Guidance through the labyrinth

by Raumpfleger

The search algorithm takes that continuation which has  no obvious flaw and the most continuation possibilities for the next step. If no continuation can be found, it stores the constellation in order to never take it again  and steps back to take there another continuation which has not yet failed.  This works fine for lower numbers of rows (Z < 20) but fails to be operative for higher numbers of rows (Z > 20).

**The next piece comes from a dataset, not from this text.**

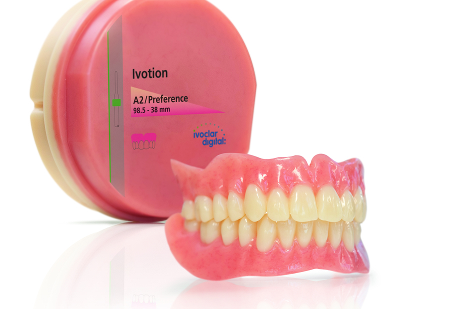 Nel 2020, con Ivotion Denture System, Ivoclar Vivadent ha stabilito un processo di lavoro completo per la realizzazione digitale di protesi rimovibili di prima qualità da un singolo disco monolitico. Questa soluzione combina componenti di processo su misura con materiali di prima qualità e sofisticate tecnologie. Il cuore del sistema è l'esclusivo disco Ivotion CAD/CAM che permette di fabbricare protesi monolitiche personalizzate in un solo processo di fresatura. Il concetto del sistema insieme al nuovo disco monolitico Ivotion ha rivoluzionato la realizzazione di protesi rimovibili con un intelligente flusso di lavoro Digital Denture, dalla consultazione del paziente (IvoSmile) ai processi clinici, dal design intuitivo (3Shape Dental System) ed il disco monolitico (Ivotion) alla fabbricazione (fresatrice PrograMill), fino ad arrivare al follow-up. Questo flusso di lavoro ben definito consente risultati rapidi, efficienti e coerenti.

The point lies in the decision about a flaw of a continuation: On each row one  has the remaining, not yet used numbers and can build all possible partial sums on top of the already distributed numbers. The union of all partial sums from all rows must contain all still missing partial sums in the Z x 2 (Z – 1) matrix. But on each row only one permutation of unused numbers can be realized in the end. How to determine it? One looks for partial sums which appear on exactly one row, they constrain the variety of possible permutations. In the pictures the red points mark a partial sum which appears on exactly one row. The green points mark the maximal partial sum on a row. The black points are all possible partial sums without the need to be consistent with a single permutation. The ordinate shows the row number, the abscissa shows the partial sums. For Z = 10 one sees a picture like


showing 6 constraints on 10 rows, enough to complete the search rather fast, in a few thousand steps. For Z = 22 it looks a bit worse


there are only 3 constraints on 22 rows and in the case of 30 rows one has for example


only 5 constraints which let the algorithm run for millions of steps without finding the right way.

So one has to find more constraints in order to find examples of matrices with row numbers bigger than 20.